Mr. Morgan Tincher of Liberty One reports
LIBERTY ONE ANNOUNCES DEFINITIVE AGREEMENT FOR OPTION TO ACQUIRE UP TO AN 80% INTEREST IN POCITOS WEST PROJECT,
$1,000,000 PRIVATE PLACEMENT OF UNITS AND
IR CONSULTANT AND GRANT OF STOCK OPTIONS
Liberty One Lithium Corp. has entered into a mineral property option agreement dated May 19, 2017, with Millennial Lithium Corp. to acquire up to an 80-per-cent interest in the Pocitos West project consisting of 15,857 hectares (39,183 acres) of prospective lithium brine exploitation concessions on the Pocitas salar in Salta province, Argentina.
As consideration for grant of the option and pursuant to the terms of the option agreement, the company will pay Millennial aggregate cash consideration of $5.5-million (U.S.) and incur an aggregate of $1-million of staged expenditures to earn a 70-per-cent interest in the property.

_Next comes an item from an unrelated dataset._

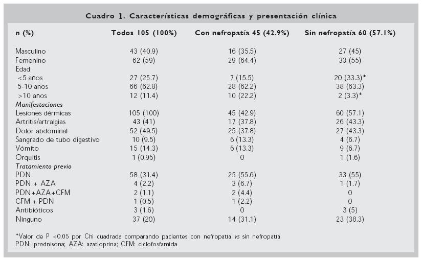 Resultados. Se encontraron 105 pacientes con una mediana de edad de 6 años. El tiempo promedio de seguimiento fue de 15 meses. Todos presentaron lesiones dérmicas, 49.5% dolor abdominal y 41% artritis; 45 (42.9%) pacientes manifestaron nefropatía, con un promedio de aparición de 4.5 meses después de las lesiones dérmicas. Sólo en 37.7% de los casos con nefropatía desaparecieron las alteraciones urinarias. Se realizó biopsia renal en 14 pacientes. La lesión histopatológica más frecuente fue el grado IIIA. La edad de presentación tuvo relación estadísticamente significativa con la presencia de nefritis, los mayores de 10 años tuvieron mayor incidencia de nefritis y los menores de 5 años menor incidencia (Chi cuadrada, P < 0.05). La incidencia global de insuficiencia renal crónica fue de 0.95%.

CONSIDERATION FOR 70-PER-CENT INTEREST
Date Cash consideration Work obligation
On execution of option agreement $17,500 (U.S.) Nil
On the closing date $582,500 (U.S.) Nil
On or before 13 months from closing date $600,000 (U.S.) Nil
On or before 18 months from closing date $600,000 (U.S.) Nil
On or before 24 months from closing date $600,000 (U.S.) $500,000
On or before 30 months from closing date $600,000 (U.S.) Nil
On or before 36 months from closing date $2,500,000 (U.S.) $500,000
The company will earn a further 10-per-cent interest in the property if it completes a bankable commercial feasibility study on the property within 42 months of the closing of the transaction.

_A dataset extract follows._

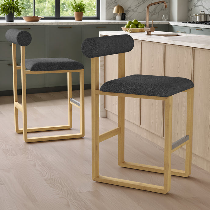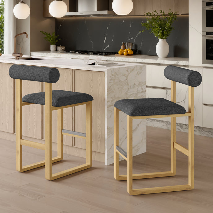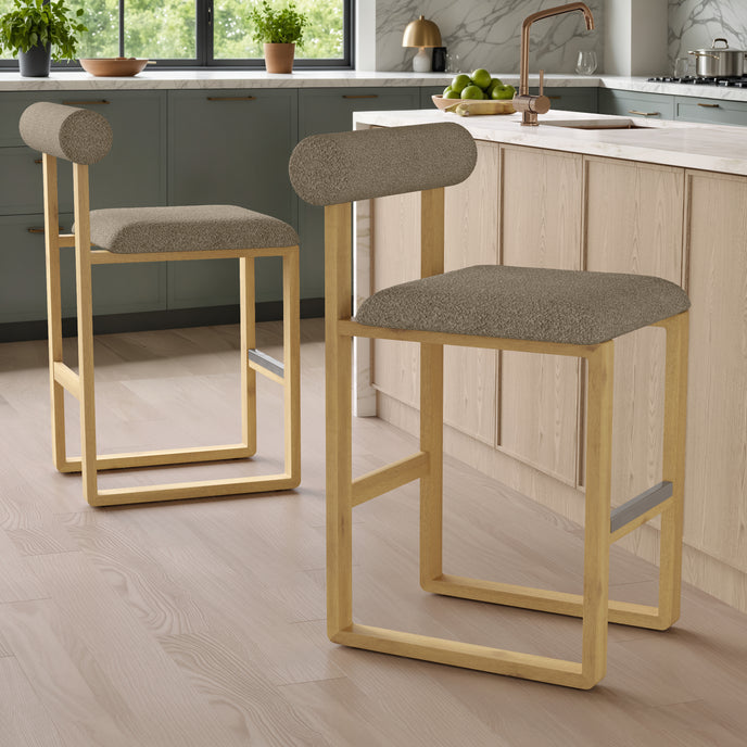 Upholstered Wooden Counter / Bar Stools (Set of 2)

The property is located 160 kilometres from Salta, and approximately 40 kilometres due west of Millennial's flagship Pastos Grandes project. The property is directly accessible by Salta Provincial Highway 17 and close to other high-quality regional and site infrastructure, including local labour, rail and power generation. The property is adjacent to ground recently acquired by Pure Energy Minerals Ltd. and is strategically located in close proximity to known lithium resources, including the Rincon project located 32 km to the north and the Sal De Vida project 90 km to the south.
The transaction is subject to certain closing conditions, including the approval of the TSX Venture Exchange. There can be no assurance that the transaction will close as proposed or at all.

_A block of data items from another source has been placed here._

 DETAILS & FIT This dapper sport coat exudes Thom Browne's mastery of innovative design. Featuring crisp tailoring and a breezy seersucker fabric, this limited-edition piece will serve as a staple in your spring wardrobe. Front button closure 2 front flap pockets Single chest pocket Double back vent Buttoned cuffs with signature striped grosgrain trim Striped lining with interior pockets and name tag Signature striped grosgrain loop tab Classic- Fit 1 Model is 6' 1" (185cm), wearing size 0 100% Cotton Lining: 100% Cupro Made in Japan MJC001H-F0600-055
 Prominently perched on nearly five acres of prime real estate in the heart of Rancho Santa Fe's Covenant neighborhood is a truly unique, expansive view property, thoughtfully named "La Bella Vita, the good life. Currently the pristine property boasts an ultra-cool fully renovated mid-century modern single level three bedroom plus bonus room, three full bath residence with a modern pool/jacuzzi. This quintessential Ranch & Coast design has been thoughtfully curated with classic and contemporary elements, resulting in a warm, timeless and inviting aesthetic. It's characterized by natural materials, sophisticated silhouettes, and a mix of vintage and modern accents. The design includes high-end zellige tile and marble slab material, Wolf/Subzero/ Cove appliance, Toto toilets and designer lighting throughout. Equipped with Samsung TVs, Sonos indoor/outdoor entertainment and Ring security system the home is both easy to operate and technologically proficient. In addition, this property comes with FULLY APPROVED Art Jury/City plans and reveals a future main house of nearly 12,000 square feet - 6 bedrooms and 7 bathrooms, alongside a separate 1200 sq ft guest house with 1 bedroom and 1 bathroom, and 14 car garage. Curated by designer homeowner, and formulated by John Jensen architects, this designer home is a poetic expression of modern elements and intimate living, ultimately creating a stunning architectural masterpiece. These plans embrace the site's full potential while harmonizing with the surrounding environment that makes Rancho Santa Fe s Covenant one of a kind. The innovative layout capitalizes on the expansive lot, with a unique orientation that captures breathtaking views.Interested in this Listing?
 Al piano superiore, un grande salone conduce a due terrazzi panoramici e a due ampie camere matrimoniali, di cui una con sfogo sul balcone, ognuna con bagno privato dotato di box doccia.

The company is also pleased to announce a non-brokered private placement of up to two million units at a price of 50 cents per unit for proceeds of up to $1-million. Each unit consists of one common share in the capital of the company and one-half of one common share purchase warrant. Each warrant entitles the holder thereof to purchase one additional share at a price of 75 cents per share for a period of 12 months from the date of issuance.
The company may pay a finder's fee on the offering within the amount permitted by the policies of the TSX-V.
Closing of the offering is subject to a number of conditions, including receipt of all necessary corporate and regulatory approvals, including the TSX-V. All securities issued in connection with the offering will be subject to a statutory hold period of four months plus a day from the date of issuance in accordance with applicable securities legislation. The offering is not subject to a minimum aggregate amount of subscriptions.
The company will use the proceeds to partially finance the transaction and for general working capital.
Investor relations consultant and grant of stock options
The company is further pleased to announce that it has engaged First Marketing GmbH to provide investor relations services pursuant to an investor relations consulting agreement dated May 19, 2017.
Pursuant to the terms of the consulting agreement, the company will pay First Marketing a fee of 50,000 euros plus applicable taxes and will grant stock options to acquire up to 300,000 shares at an exercise price of 55 cents per share. Twenty-five per cent of the options vest immediately upon grant, while an additional 25 per cent will vest at the end of each six-month period such that all options will have vested 18 months from the date of grant. The options are exercisable for a period of five years from the date of grant.
Services under the consulting agreement will be provided by Tobias Uebele. Mr. Uebele does not currently hold any shares of the company and has no other direct or indirect interests in the company.
First Marketing is a full-service investor relations firm headquartered in Heidelberg, Germany, that assists small-cap public companies with marketing awareness campaigns focused at the investment community. First Marketing will assist Liberty One with enhancing awareness and increasing exposure in the German-speaking financial community primarily in Germany, Switzerland and Austria.
The consulting agreement and the grant of options are subject to the approval of the TSX Venture Exchange.